Dallas (45-28) hasn’t fared well during a stretch of games against some of the league’s top teams. The Mavericks have dropped five of six, with the losses coming at the hands of the Los Angeles Lakers, Boston, San Antonio, Denver and Golden State. The lone win was a 103-90 home victory over the Clippers (22-51) on Tuesday.

Since that game, Dallas has dropped the first two games of a three-game trip, including a 114-104 loss at Golden State on Sunday. The Mavericks have lost their last 11 games against teams with winning records, 10 of those since they acquired point guard Jason Kidd from New Jersey in a blockbuster deal during the All-Star break.

Sunday’s defeat dropped Dallas into a three-way tie for seventh place in the West with Golden State and Denver. Nine games remain for each team, but the upcoming schedule for Dallas appears imposing. After this game, the Mavericks host Golden State before a two-game road trip to play Pacific Division powers the Lakers and Phoenix.

“I’m not excited for us,” Mavericks coach Avery Johnson said. “We’d like to be third or fourth. We don’t want to be part of this three team, seventh seed or eighth seed or whatever.”

The upcoming stretch will be particularly challenging for the Mavs with Dirk Nowitzki expected to remain sidelined due to knee and ankle injuries he suffered in a loss to San Antonio last Sunday. Dallas has dropped two of three since then, and is 1-3 overall when playing without their leading scorer and rebounder.

“With Dirk or without Dirk, it’s going to be tough,” Kidd said. “With the West, there are no nights off, you’ve got to play your best game each night and everybody’s fighting not just for the playoffs but for seeding. One game can move you up or down so this is what basketball is all about. You want to be in a competitive situation and I’m right in the middle of it.”

Josh Howard has stepped up in Nowitzki’s absence, averaging 32.7 points in his last three games.

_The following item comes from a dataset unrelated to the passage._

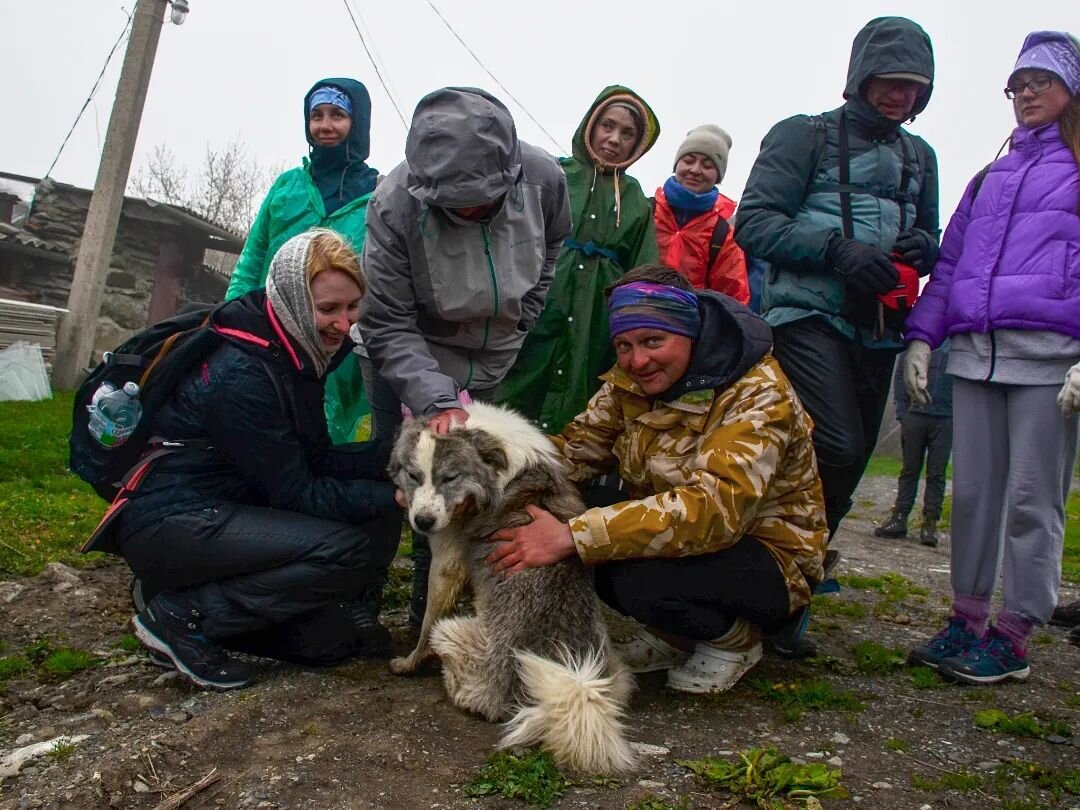 Как я уже говорила ранее, собака выбежала нам навстречу, когда мы прогуливались по селу Джимара. Всем своим видом собака как бы говорила нам: "А кто здесь хороший мальчик? А это я, это я здесь хороший мальчик! Хорошо бы меня за это погладить" 🐕 Все конечно же сразу ее окружили и стали гладить, чесать за ушком и умиляться 😀 Женщина, которая шла следом, рассказала, что собака появилась здесь три дня назад, она прибилась где-то к группе туристов и пришла сюда вместе с ними. Туристы уехали, а собака пришла в дом к этой женщине и решила пожить у них )

While the Mavericks have struggled against the league’s elite, they’ve managed to beat the teams they’re expected to. Since the Kidd trade, Dallas is 10-0 against clubs with losing records.

That designation certainly applies to the Clippers, who have lost 18 of their last 21 games. Los Angeles, however, snapped its season-high 10-game skid Saturday with a 110-97 win over Memphis.

Rookie Al Thornton scored a season-high 39 points to lead five Clippers players in double figures. Thornton, the 14th overall pick in last June’s draft, is averaging 16.7 points in 32 games since Jan. 30, and ranks second among rookies with 12.3 points per game this season. Only Seattle’s Kevin Durant (19.9) has scored more.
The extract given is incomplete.